The Korngold was altogether riper in this account although it doesn’t have to be. Vadim Gluzman is a powerful player with old-school ideas of tonal projection. It comes as no surprise to learn that Isaac Stern was an early mentor. Many violinists cannot be heard in the big barn. Not so this one but was his unremittingly powerful account not ultimately a little wearing? The intonation needs to be spot on for this kind of single-mindedness. The conductor put on the breaks to indulge the finale’s mock-Hollywood climax without making it clear whether there were inverted commas in place. Elsewhere he appeared to have a more carefully inflected performance in mind than the one actually delivered. Gluzman’s encore was a Serenade by Valentin Silvestrov, the composer newly fashionable of course but not easily interpreted when his utterances encode the idea of civilisation on the brink, sometimes as here in the simplest terms. The piece needed less insistent vibrato.

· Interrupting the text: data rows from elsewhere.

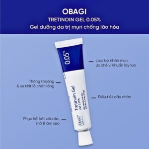 Obagi Tretinoin Gel 0.05% là dạng gel trị mụn chuyên sâu giúp làn da bứt phá trạng thái bí tắc và xỉn màu nhờ khả năng thúc đẩy thay mới tế bào vượt trội. Công thức tretinoin nồng độ 0.05% được bào chế trong nền gel mỏng nhẹ, thấm nhanh và hạn chế bết dính, phù hợp cho làn da dầu hoặc dễ nổi mụn. Sản phẩm hỗ trợ làm thông thoáng lỗ chân lông, giảm nhân mụn cứng đầu, đồng thời cải thiện dần độ mịn và sự sáng khỏe của bề mặt da. Khi sử dụng đều đặn, gel giúp da trở nên căng mượt, đều màu hơn và giảm rõ rệt tình trạng sần sùi. Đây là lựa chọn lý tưởng cho những ai đang tìm giải pháp retinoid hiệu lực cao nhưng vẫn êm nhẹ khi thoa.
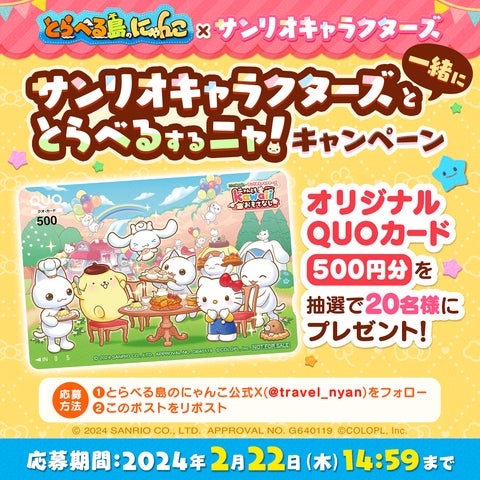 2月22日(木)15:00から、「とらべる島のにゃんこ」初のコラボイベント「とらべる島のにゃんこ×サンリオキャラクターズコラボ」が開催されます。
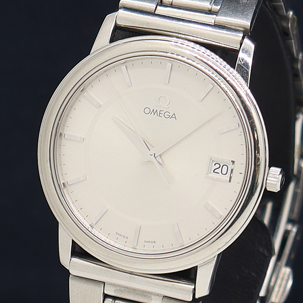 1円 稼働 良品 オメガ プレステージ シルバー文字盤 デイト メンズ腕時計 0993300 12TLT IKE
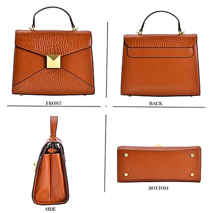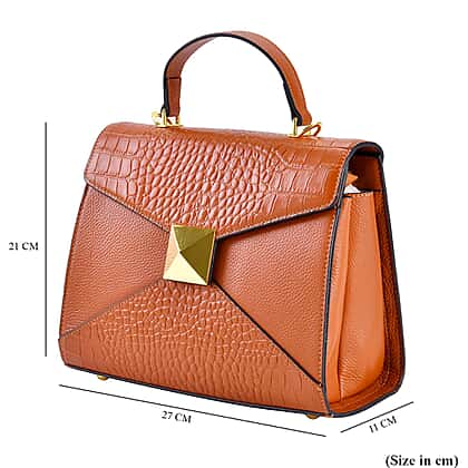 - Structured genuine leather handbag with a versatile top handle.

After the interval, the lighting team gave us a pink glow to replace the green and we were pitched into yet more uncertain territory. Prokofiev, who liked to think of himself as an opera composer, had a habit of setting unlikely source material and never more so than the quasi-supernatural love triangle from which he then hacked out a Third ‘Symphony’. For decades the music found readier acceptance in this form though closer to our own time directors have relished the original’s lurid mix of heartfelt expressionism and camply comic Grand Guignol. If tight rhythmic definition, textural elucidation and a general lightness of approach were meant to characterize Gimeno’s approach, not unlike Abbado’s own perhaps (he conducted it at a Prom in 1977 before anyone else), they did not survive exposure to the erratic acoustic. Slated to take over at Madrid’s Teatro Real Opera, Gimeno started as a percussionist but it was the music’s big string lines that needed help. Renata’s big first movement theme barely registered at the start which made much of what followed seem mushy and inconsequential. The inner movements were much more memorable with plenty of muted spookiness in the second and more demonstrative poltergeist activity in the third. The trio had the Mediterranean warmth of William Walton though not for the first time one wondered quite what function is served by such an abrupt contrast. The finale worked as well or as badly as the opening movement: plenty of heft and thrust, not much audible purpose. Prokofiev’s fault, and that of the Victorian architects? Yes, but only to a degree.